Defendant has engaged in activity of this kind on a number of other occasions. Defendant has registered thousands of domains, many of which contain misspellings of the names of famous people, or of the trademarks of others. Defendant estimated that he receives between $800,000 and $1 million annually from the domain names he registered. Defendant's activities have resulted in a number of lawsuits being brought against him. In one of these actions, also commenced in the Eastern District of Pennsylvania (Shields v. Zuccarini), defendant was enjoined from using domain names substantially similar to those of the trademark holder, and directed to pay $10,000 in statutory damages for each domain name improperly registered, as well as the attorneys' fees incurred by the trademark holder.

Plaintiff commenced this suit, claiming that defendant's activities violated both the Anticybersquatting Consumer Protection Act ("ACPA"), 15 U.S.C. Section 1125(d) and the Lanham Act, and constituted dilution, common law service mark infringement and unfair competition.
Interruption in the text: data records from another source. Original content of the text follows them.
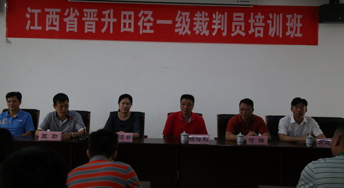 6月11日上午8:30,在八里湖校区综合楼621室召开了江西省晋升国家田径一级裁判员培训班开班仪式,仪式由江西省体育局田游中心付锋副主任主持,出席仪式的领导有国家体育总局训练局杨培刚副局长、江西省体育局青少处周凌云处长、江西省田游管理中心竞训科金丽琴科长、九江学院体育学院王勤院长、党委书记张浦强和九江中体公司万建国总经理;参加仪式的还有田径教研室所有教师、其他教研室部分教师和110多名学生学员。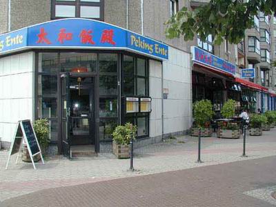 在德國首都柏林?jǐn)?shù)百家中餐館中,有一家引起了記者濃厚的興趣。此館名為“太和飯殿——北京烤鴨”,一則是因?yàn)橐浴氨本┛绝啞闭袛堫櫩偷闹胁宛^似乎在柏林僅此一家,更多的卻是因?yàn)樵谒谋澈蟛刂r為人知的故事:這里以及附近的樓舍曾是納粹德國元兇希特勒的第三帝國總理府所在地。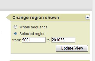 在查找到的基因序列页面右上方标明了该基因在染色体所处的位置,有两个可改写的文本框,可以通过改变文本框里的数字来找到你所需要的基因序列。例如前推或者后推若干个碱基

Defendant did not appear in the action despite receiving notice of it. The court, on plaintiff's motion, found that defendant violated the ACPA and awarded the relief detailed below.

It is a violation of the ACPA to register a domain name that is identical or confusingly similar to a distinctive or famous mark registered to another with a bad faith intent to profit thereby.

The court found that defendant had violated the ACPA. First, the court determined that plaintiff's marks were both distinctive and famous. In reaching this result, the court relied, in part, on the fact that the Electronics Boutique mark was registered with the PTO in 1987, and had been used to generate extensive revenues, and promoted heavily by the plaintiff for over 20 years.

The court also found that defendant, by using urls containing common misspellings of plaintiff's marks, had used marks confusingly similar to those owned by plaintiff.

Lastly, the court found that defendant conducted his activities in bad faith with an intent to profit from plaintiff's marks. In reaching this conclusion, the court relied predominantly on testimony defendant gave in another action commenced as a result of his domain use activities. This testimony, the court concluded, established that "Zuccarini registered the domain misspellings in order to generate advertising revenue for himself, despite being aware of the Electronics Boutique stores and website." The evidence showed that defendant had made extensive profits from the advertising that appeared on the various domains he registered, and that he did not offer any goods or services that relate in any way to the domain names in question, i.e. electronic goods.

As a result, the court issued a permanent injunction, enjoining defendant from further use of the domain names at issue.

The court also awarded plaintiff the maximum statutory penalty permitted under the ACPA (15 U.S.C. section 1117(d)), which equated to $100,000 for each domain improperly registered, or a grand total of $500,000. This decision was motivated not only by the defendant's actions in the case at bar, but by the fact (a) that defendant had allegedly done the same thing to a number of others and (b) that defendant registered the domain names and took the other acts described above after the Pennsylvania District Court, in another action, had enjoined defendant from undertaking similar activities with respect to another plaintiff, and had awarded lesser statutory damages ($10,000 per domain name).

In so holding the court stated that "Zuccarini boldly thumbs his nose at the rulings of this Court and the laws of our country. Therefore, I find that justice in this case requires that damages be assessed against Mr. Zuccarini in the amount of $100,000 per infringing domain name, for a total of $500,000."

Lastly, the court awarded plaintiff attorneys' fees and costs in the amount of $30,653.54.